Water from a dehumidifier works as well.
You can also use electrically distilled water. The purer the water, the more potassium that can be leached from the ashes. Do not use bottled spring water or water from the tap! (You can use bottled distilled water that was processed using steam distillation.)
2
Get a wooden barrel and a cork about 3in (7.6cm) long. A cask-sized or waist-high barrel will work. You can find these at a local brewer's supply house.
3
Drill a hole in the barrel approximately 2in (5cm) above the bottom. Make sure that the cork will fit snugly into the hole.
4
Put the barrel on a brick base someplace where it will be undisturbed. Lye is caustic; take the necessary precautions.
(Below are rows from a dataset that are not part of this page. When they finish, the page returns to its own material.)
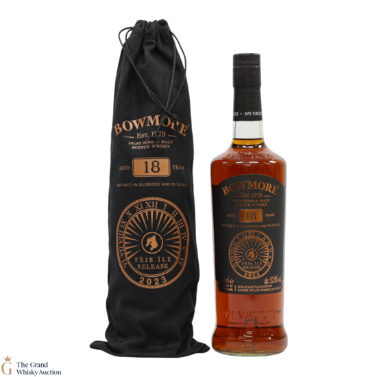 This is the Feis Ile 2023 release from Bowmore Distillery. Matured in a first-fill Oloroso Sherry and PX casks for 18 years, this single malt was bottled at 52.8% ABV. This rare annual release from Bowmore is limited to just 3500 bottles.
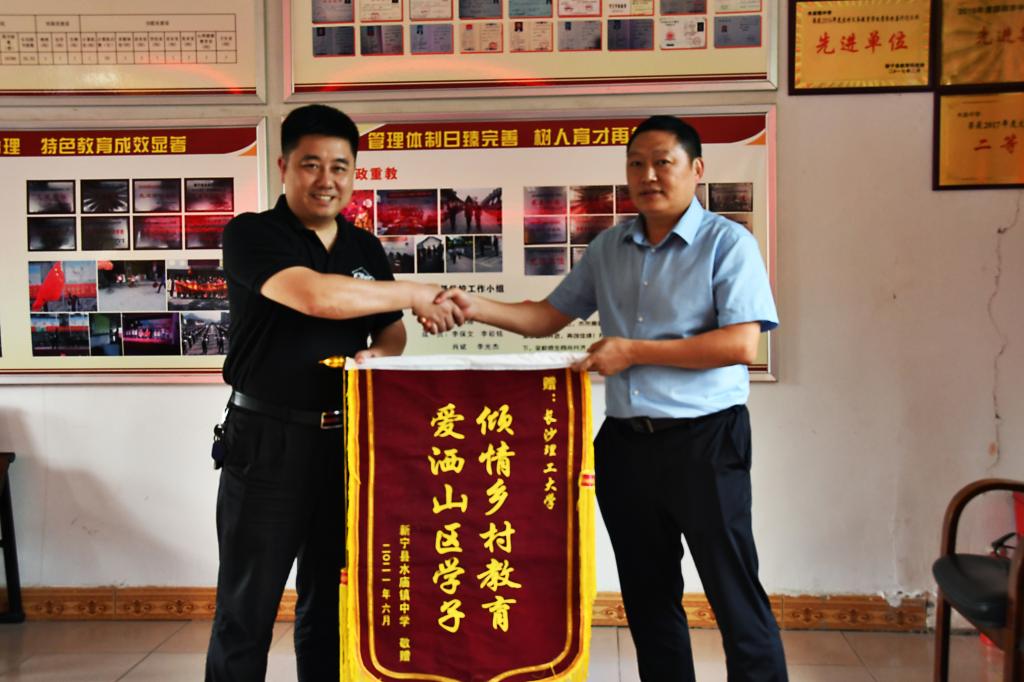 6月22日,我校第二届研究生支教队圆满完成在新宁县水庙中学的扶贫支教工作后启程返校,校研究生院副院长兼研工部部长田上等一行前往新宁县水庙镇枧杆山村迎接支教队返程。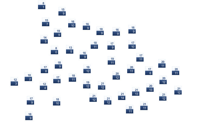 | 2 | 4 | 11 | 20 | 26 | 30 | 31 | 30 | 26 | 19 | 10 | 3 |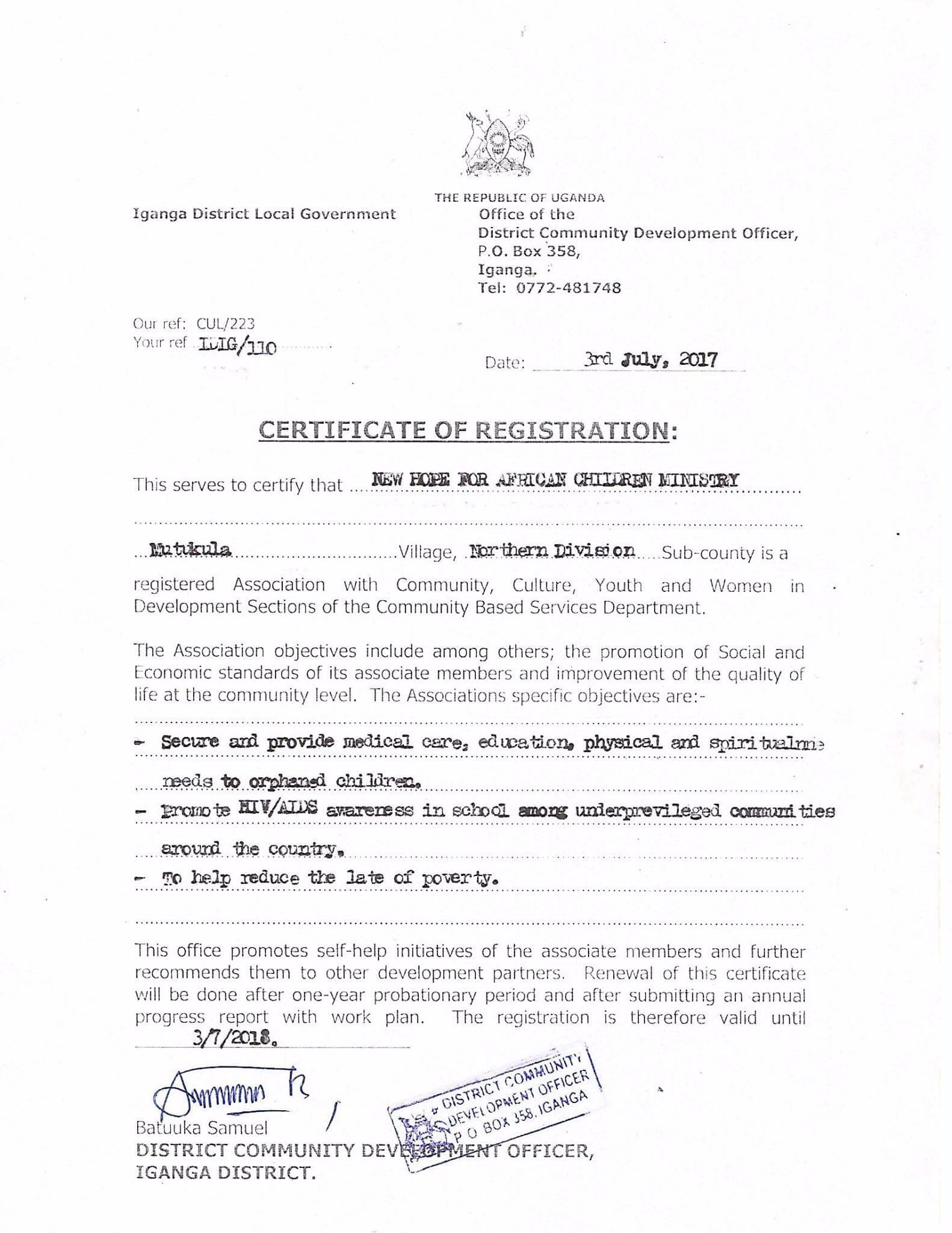 Nkuutu Samuel ○ New Hope for African Children Ministry ~ There are over one million orphan children in Uganda because of the AID's epidemic. Please consider becoming involved in the NGO/CBS (Non Government Organization / Community Based Services) that are attempting to care for these children.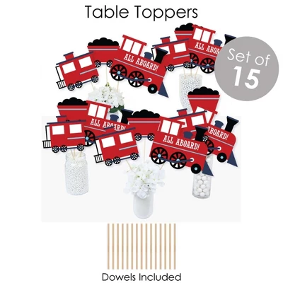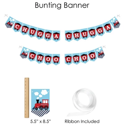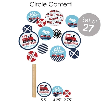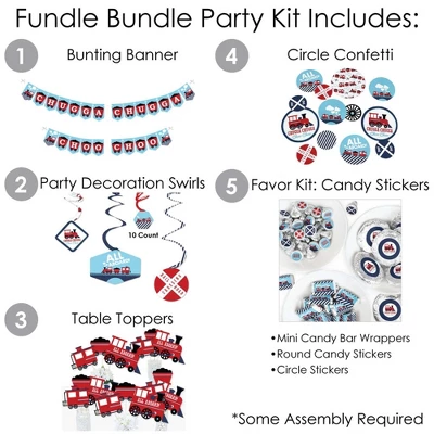 BUNTING BANNER includes: letter and themed pennants. Each pennant measures 8.5″ high x 5.5″ wide. Pennants are numbered in sequence and ribbon is included for easy assembly. PARTY DECORATION SWIRLS includes: 4 different shapes, 10 count per shape, that hang below an accordion-style spiral. Professionally printed double-sided, each decoration swirl in the 40-piece set has a pre-cut hole for easy assembly using the included clear hooks. Party decoration swirls will arrive flat. TABLE TOPPERS includes: 15 Railroad Party Crossing centerpiece sticks in three different shapes, each professionally printed double-sided. To use as centerpieces or photo props, wooden dowels and assembly stickers are included. CIRCLE CONFETTI includes: three different sizes of circles – 12 small circles, size 2.75″, 9 medium circles, size 4.25″, and 6 large circles, size 5.5″. Professionally printed double-sided with coordinating steam train designs, circle confetti can be scattered around your table. FAVOR KIT: CANDY STICKERS includes: 2 sheets mini candy bar wrappers (total 40), 2 sheets round candy stickers (total 216), 2 sheets circle stickers (total 48). Easy assembly with this peel and stick favor kit. Simply center and press stickers onto your favorite candies to style candy buffets or decorate take-home favors for party guests. Note: Candy is not included.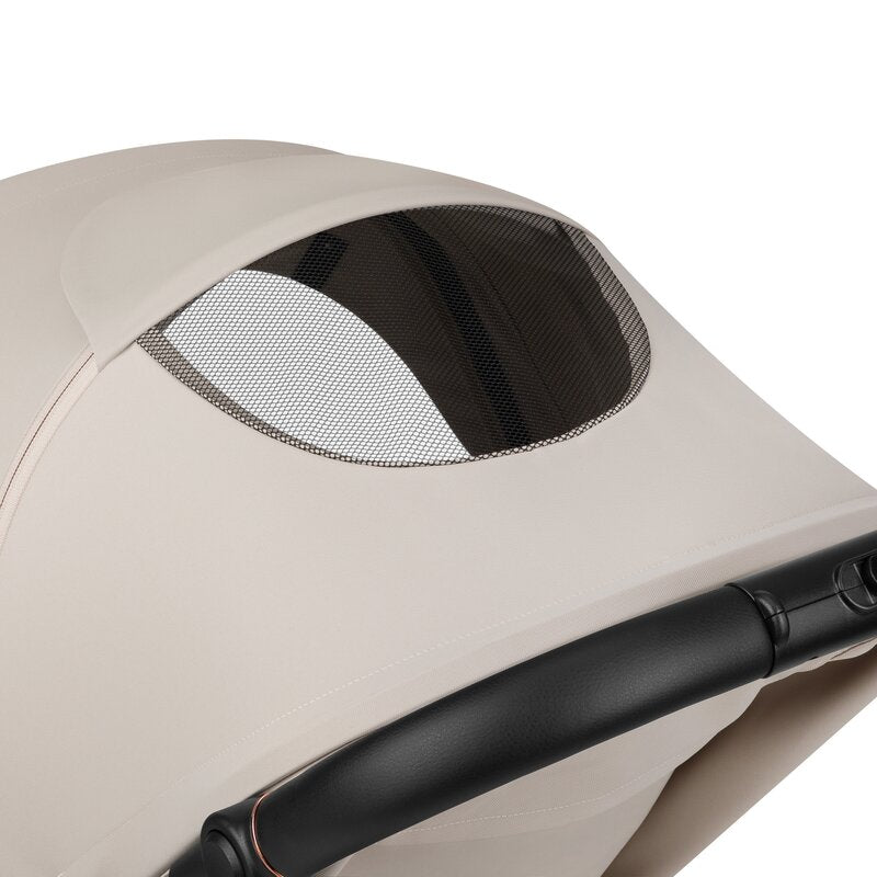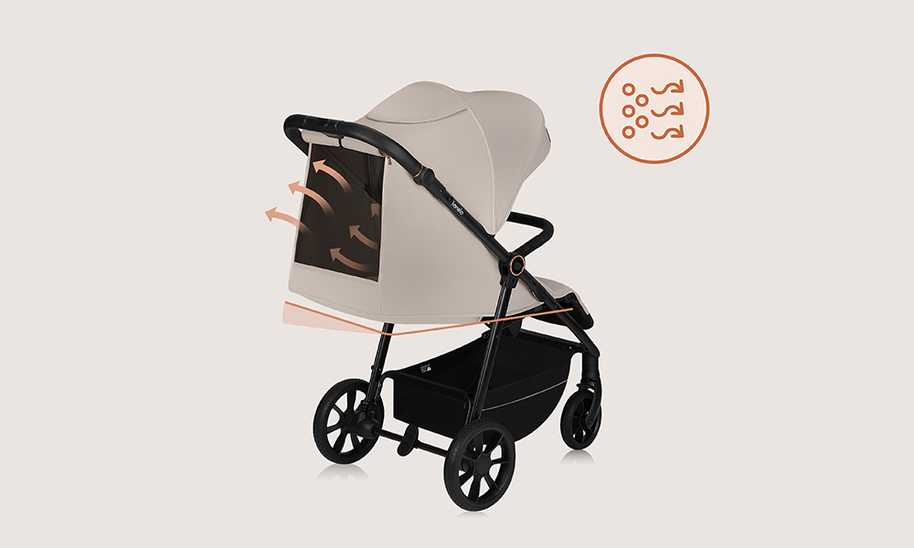 Capotina XXL oferă suficient spațiu pentru un copil. Are un panou retractabil suplimentar, o fereastră pentru un flux de aer mai bun.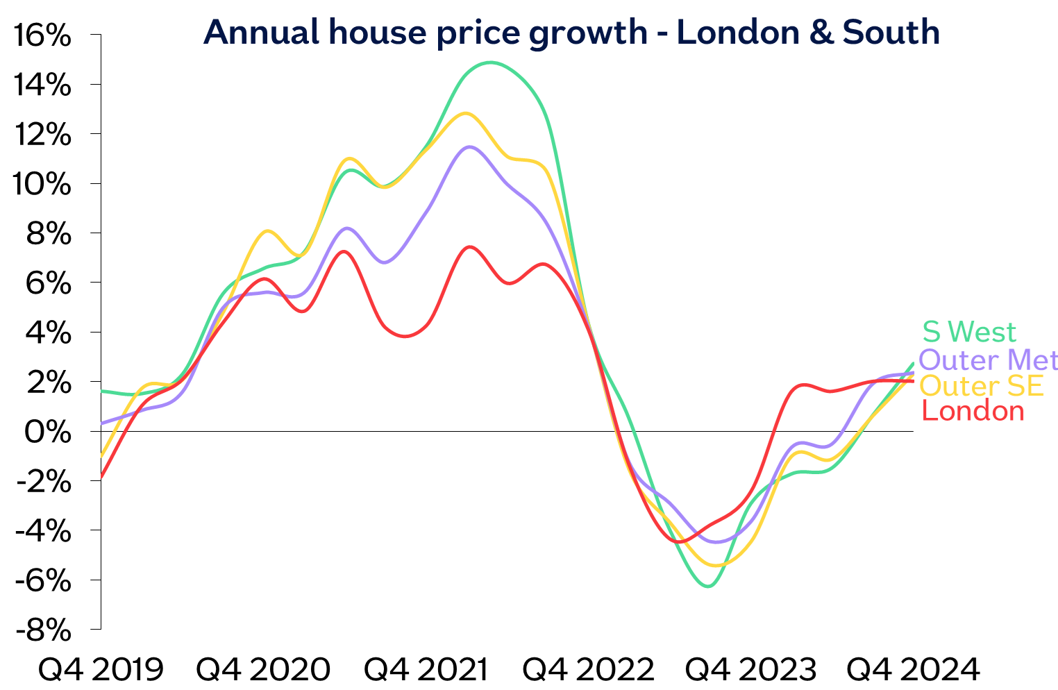“Southern England (South West, Outer South East, Outer Metropolitan, London and East Anglia) saw a 2.2% year-on-year rise. The South West was the best performing southern region with annual price growth of 2.7%. East Anglia was the weakest performing UK region in 2024, with a modest 0.5% annual increase.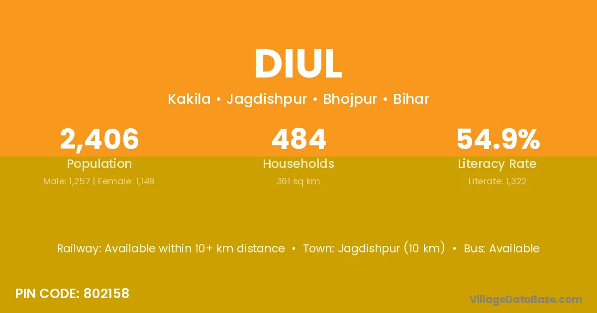 Jagdishpur (10 km) is the nearest town to Diul village for major economic activities and is located approximately 10 km away.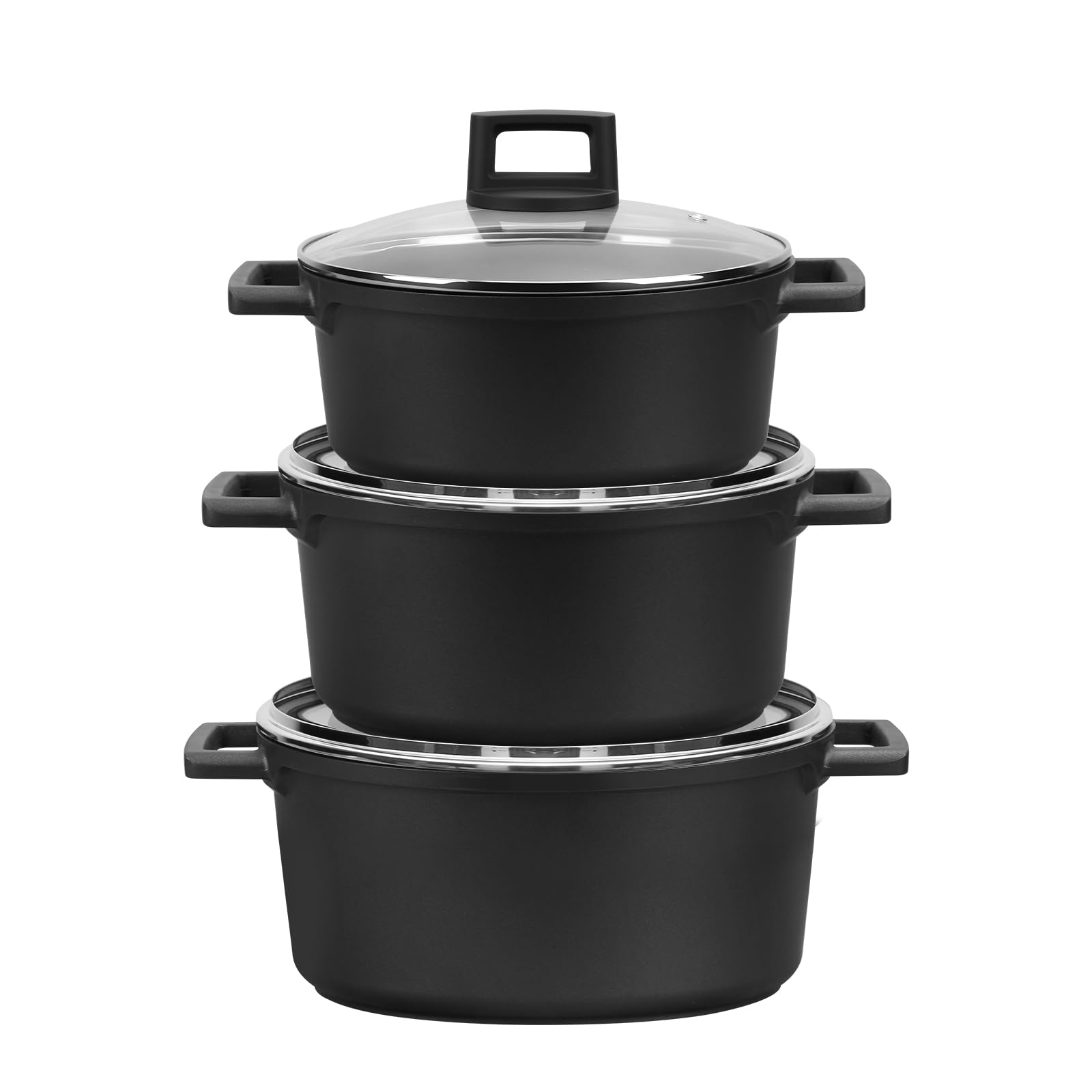 Das perfekte Topfset in verschiedenen Größen, perfekt geeignet für den täglichen Bedarf. Enthält 3 Kochtöpfe: 20cm/2.6L, 24cm/4.6L, 28cm/7.1L.Ein Topf für alle Arten von Lebensmitteln, Eintöpfe, Braten von Fleisch, Kochen von Suppen, Frittieren, geeignet für alle Arten von Kochstilen.Homelu Universal-Topf ist definitiv der perfekte Begleiter für Ihre Küche.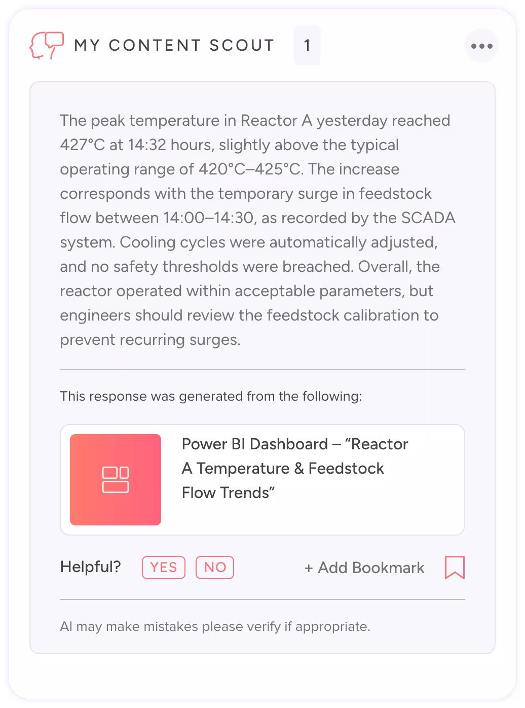 MyContentScout delivers verified, permission-based answers that reflect your company’s voice and standards, keeping innovation aligned and brand-consistent.

Put some bricks down and place the barrel on top of them. The brick base must be stable. It raises the barrel up so that you can easily drain off the lye into a container when it is ready. Give yourself room to work.
5
Cover the bottom of the barrel with some palm-sized clean rocks (e.g. river rock). Cover the rocks with approximately 6in (15cm) of straw (this can be hay or grass). This will filter the ashes and help your lye drain cleanly.
6
Gather branches and/or logs of oak, ash, or fruitwoods. Remember that the best lye is made from hardwoods, so avoid pine, fir, and other evergreens. Palm leaves work well if they are completely dried and brown.
7
Burn the branches to ash. You can do this outside in a pile or, better yet, in a freshly-emptied fireplace or woodstove where the ashes won’t become mixed with anything else.
8
Scoop the ashes out and put them in the prepped barrel. (Make sure that the ash is completely cold, or you could set your barrel and anything around it on fire.) You can fill the barrel with ash, but it is not necessary; you can make smaller amounts with less ash.
9
Soak the ashes. Put a pan under the hole and remove the cork. Pour the soft water in until you see it start to drain into the pan, then put the cork back in tightly. After a day, the first ash should settle and you can add more ash.
10
Let the ash soak for at least three days. If you want to use more ash, you can add it all week and drain it regularly (ex. on a specific day of the week).
11
Check to see if your Lye is ready. For what purpose are you leaching this lye? Body soap or heavy cleaning? Lye concentration gets stronger with each leaching. For average soap making, measure the concentration by dropping a fist-sized potato or a raw egg into the barrel (making sure to throw either of these away afterwards). If it floats enough for a quarter-sized area to rise above the water, it is ready. If it doesn't, you need to add more ashes or drain all the water and re-leach it (pour it back into the cask and let it set for one more cycle).
12
When it's ready, catch your lye with a wooden crock or glass container. Put it under the tap, gently pull the cork, and fill your containers. Leave enough head room so that they will be safe and easy to pour. Make sure that you have tight, fitting lids.
13
Store your lye in a cool dark place until use. The sooner you use it, the better.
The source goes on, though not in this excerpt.